Benson fell silent, but Gloom could see that his manservant was deeply disturbed by this revelation. “I think we need time to think about all the things you've told us,” he told Paul. “My desire to join your organisation remains as strong as ever, but if Benson is having second thoughts...”
“No, I'm not having second thoughts,” said the manservant, though. “Everything you've said about God is right, He needs to be made answerable for His actions. No man of conscience can possibly believe otherwise. And you're right, it may not be necessary to depose Him. But the thought of collaborating with the Father of Lies...”
“That title was given to him by his enemies,” Paul reminded them. “We need to ask ourselves what we really know about him. Disregard everything that is said about him by those with a vested interest in blackening his name. What is he known to have done?”
“He tempts people,” said Gloom. “He tries to lead people away from God.”
“I would say that he tries to encourage critical thinking. He encourages us not to follow God blindly.” He turned to Benson. “During your army days, what would you have done if your superior officer had ordered you to murder a prisoner?”
“I would have told him to go to hell.”
“Yes, and the Empire encourages that kind of attitude. Questioning your orders is seen as the highest form of patriotism and has led the British Empire to be almost completely free of corruption, the first Empire in human history to be able to make that boast. Compare that to God, though. He demands complete, unquestioning obedience, to the point of expecting us to murder our own children if He tells us to. You know the story of Abraham and Isaac.”

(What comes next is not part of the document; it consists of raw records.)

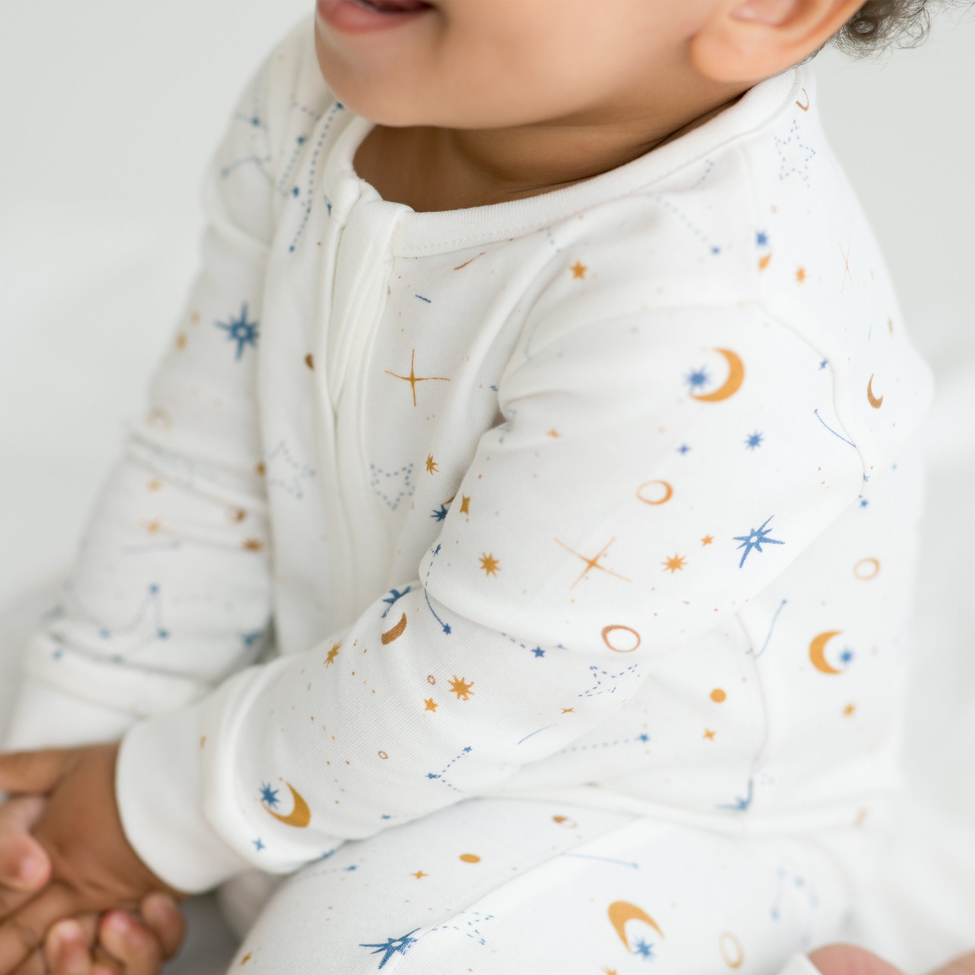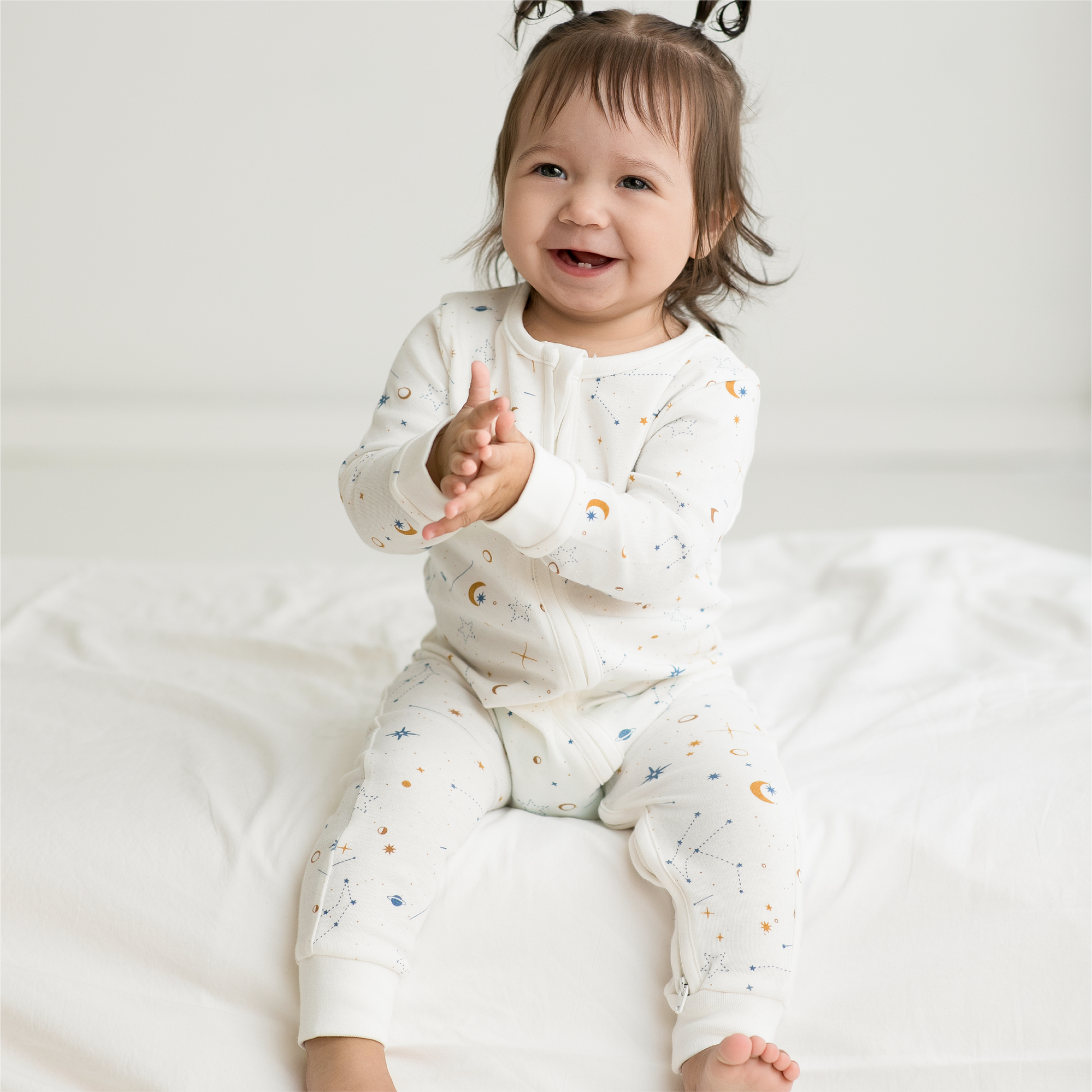 Our zip long sleeve sleeper is made from high-quality Organic Cotton, ensuring a soft and gentle touch against your little ones skin. It features a convenient two-way zipper closure for making diaper changes a breeze and the open foot detail allows our little ones greater mobility.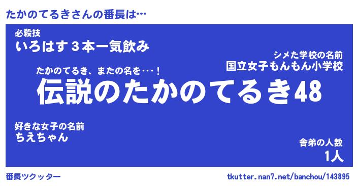 | 肩書あだ名 | 『たかのてるき店長』『たかのてるき校長』 |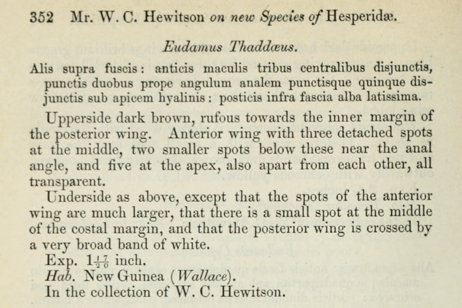 - Eudamus thaddaeus Hewitson, 1876 [Originalkombination]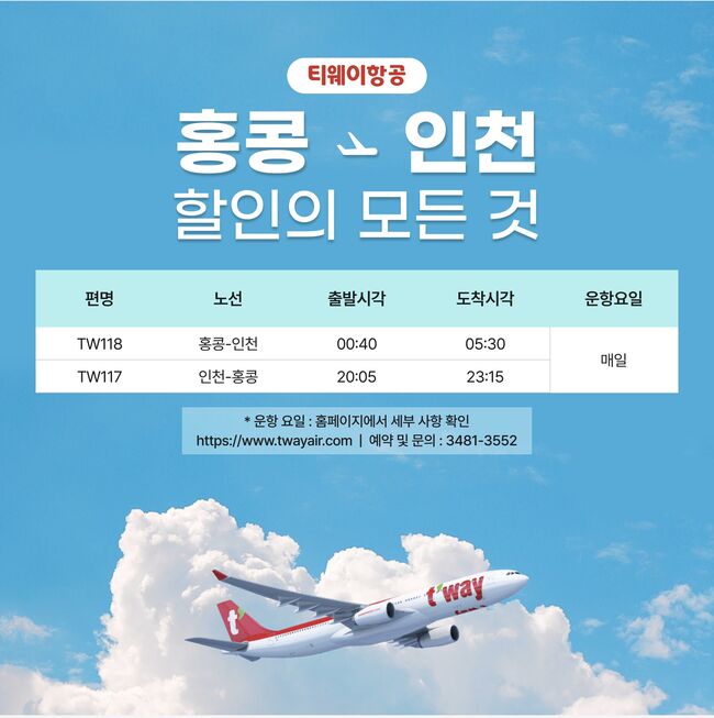 ■ 티웨이항공, 홍콩-인천 노선 매일 운항

“God stopped Abraham from killing Isaac,” pointed out Benson.
“Yes, but Abraham was willing to kill his own son, because God told him to. That's the kind of people God wants us to be. Imagine if an army officer demanded that kind of unquestioning obedience from his men. What would you think of a man like that?” The look of disgust on the manservant’s face was all the answer he needed.
“The original sin of Adam and Eve was to eat the Apple, which led to them knowing the difference between good and evil,” he continued. “Making sure that our children know the difference between good and evil is one of the most important duties of a parent, but that is the one thing that God didn't want us to know. A man who doesn’t know the difference between good and evil can commit any atrocity without a twinge of conscience. I wonder sometimes what His original plan for mankind was, and it makes me think that Lucifer making Adam and Eve eat the Apple was the single best thing that’s ever happened to us. Maybe even better than our creation.”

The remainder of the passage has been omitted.